Throughout his account, Cull makes interesting observations about his captors, many of which confirm widespread contemporary Allied perceptions of the German people, namely, that they were bloodthirsty and ruthless.

However, at various points, Cull acknowledges that among his captors were decent Germans who treated him well.

Similarly, he notes how southern Germans differed markedly from other Germans in their political opinions and were sometimes quite critical of the Kaiser and the war.

It seems that Cull and his fellow POWs were reasonably treated by the Germans. One problem the Germans faced was feeding the prisoners, as they were desperately short of food themselves.
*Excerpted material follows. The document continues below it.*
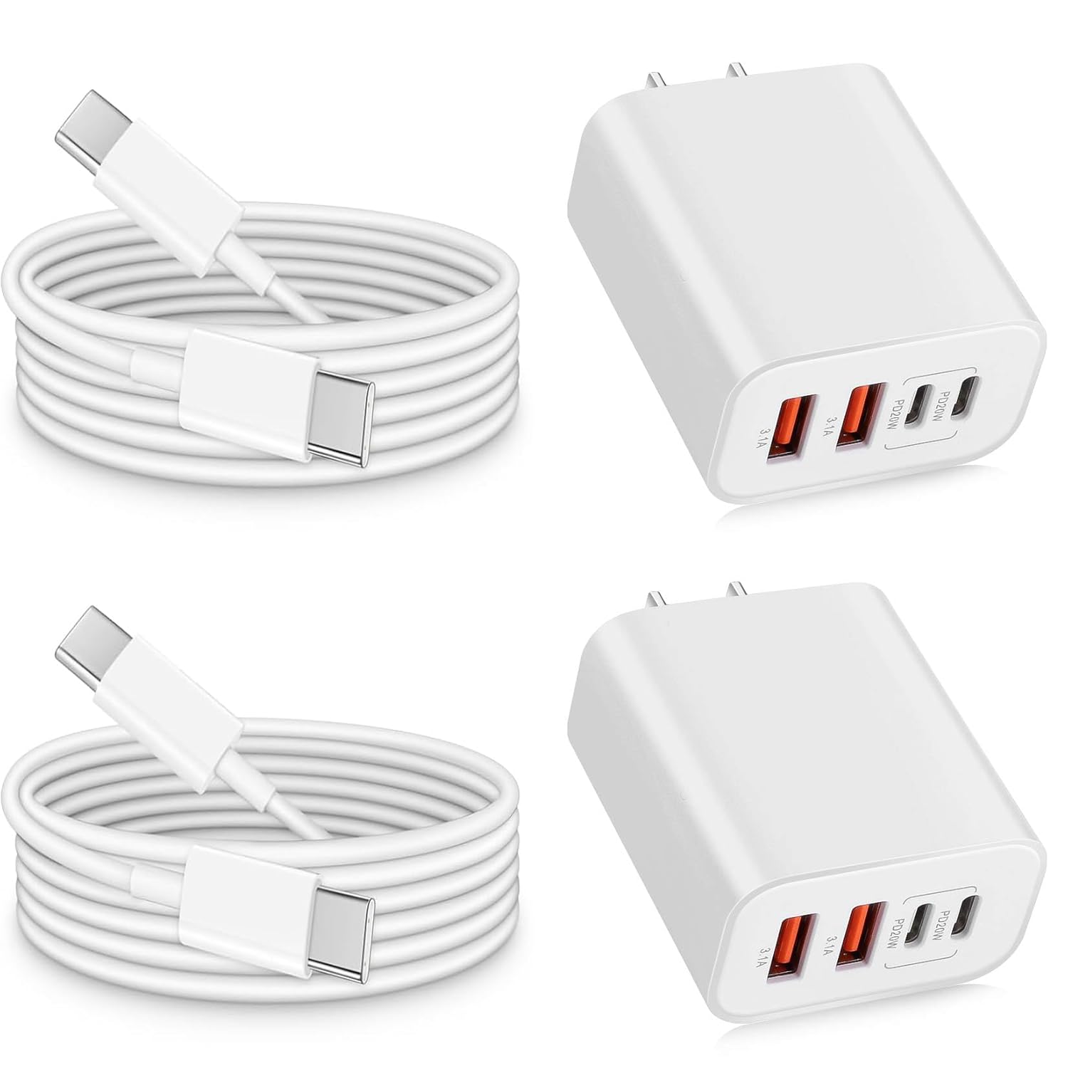 USB Type C Charger for iPhone 16 Pro,40W Multiport Type C Charger Fast Charging,2Pack 4 Port USB C Wall Charger 10FT USBC Chargers Cord for iPhone 16/16 Pro/16 ProMax/16e/15/15 ProMax/15 Plus,iPad Pro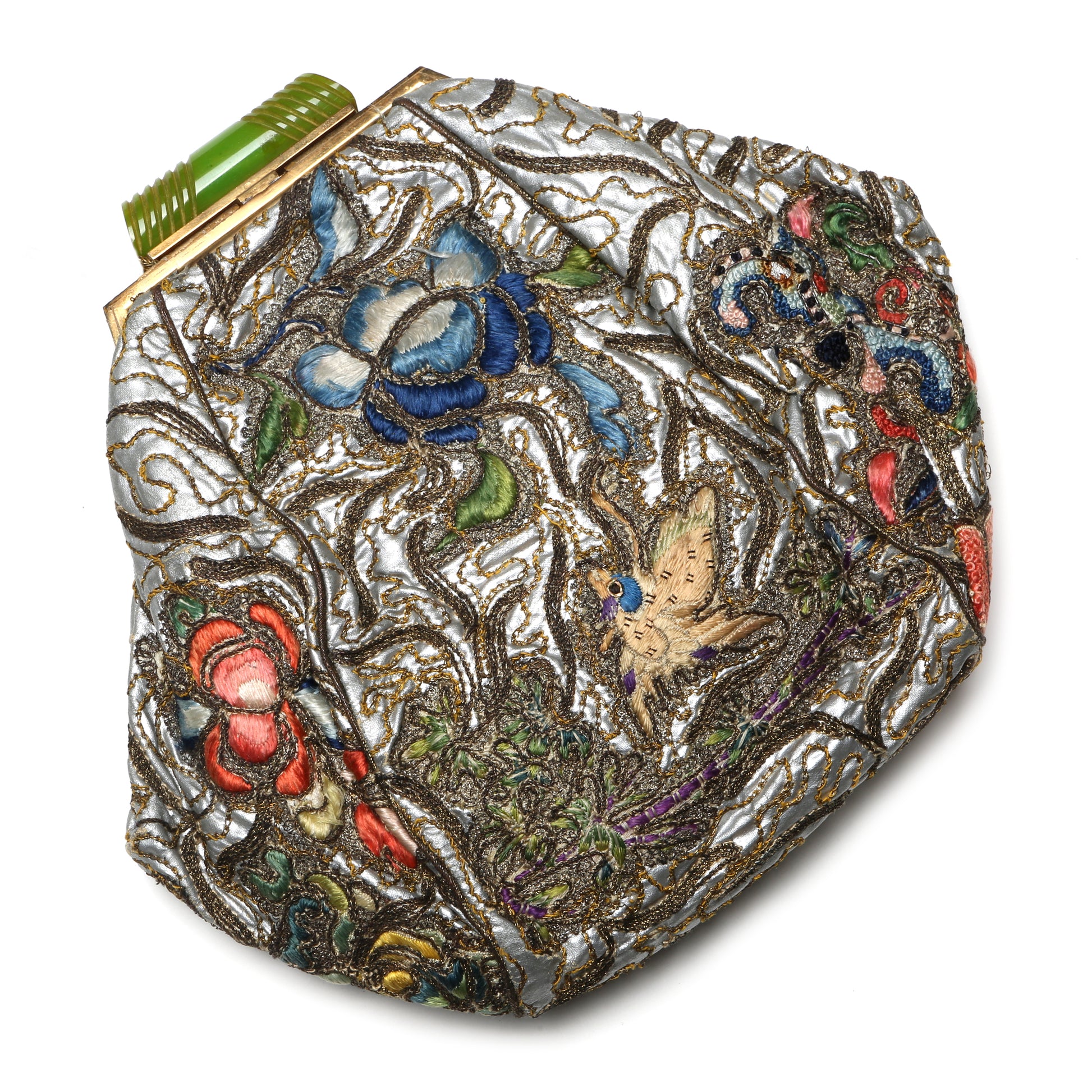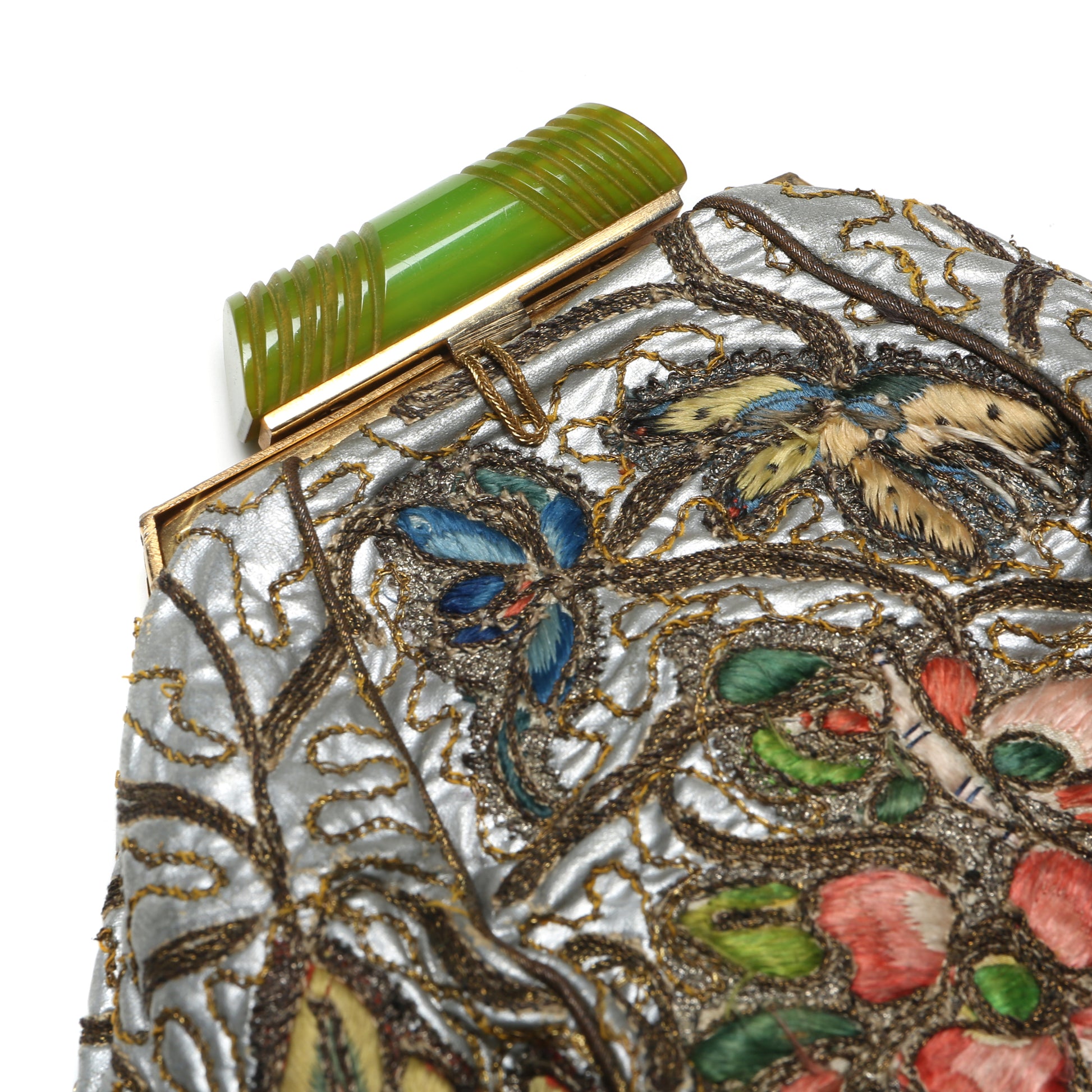 Silver silk purse embroidered with floral details and a green carved Bakelite closure. Unsigned.

Cull recalls the POWs’ gratitude for Red Cross food parcels which were delivered to British and Dominion prisoners, often meaning they were better fed than their captors!

At the end of 1917 Cull was repatriated to Switzerland under provisions of the Hague Convention (1907), which allowed for wounded POWs, deemed incapable of active service, to be sent to a neutral country.

In the last section of his work, he reflects fondly on the kind treatment given by the Swiss to wounded men such as himself.

He was eventually repatriated to England, before returning to Australia.

Both Sides of the Wire is a fascinating account of a largely forgotten facet of Australia’s involvement in World War I. The republication of a first-hand account of an Australian World War I POW — in this instance edited by Australian War Memorial historian Aaron Pegram — is a welcome addition to autobiographical accounts of war service.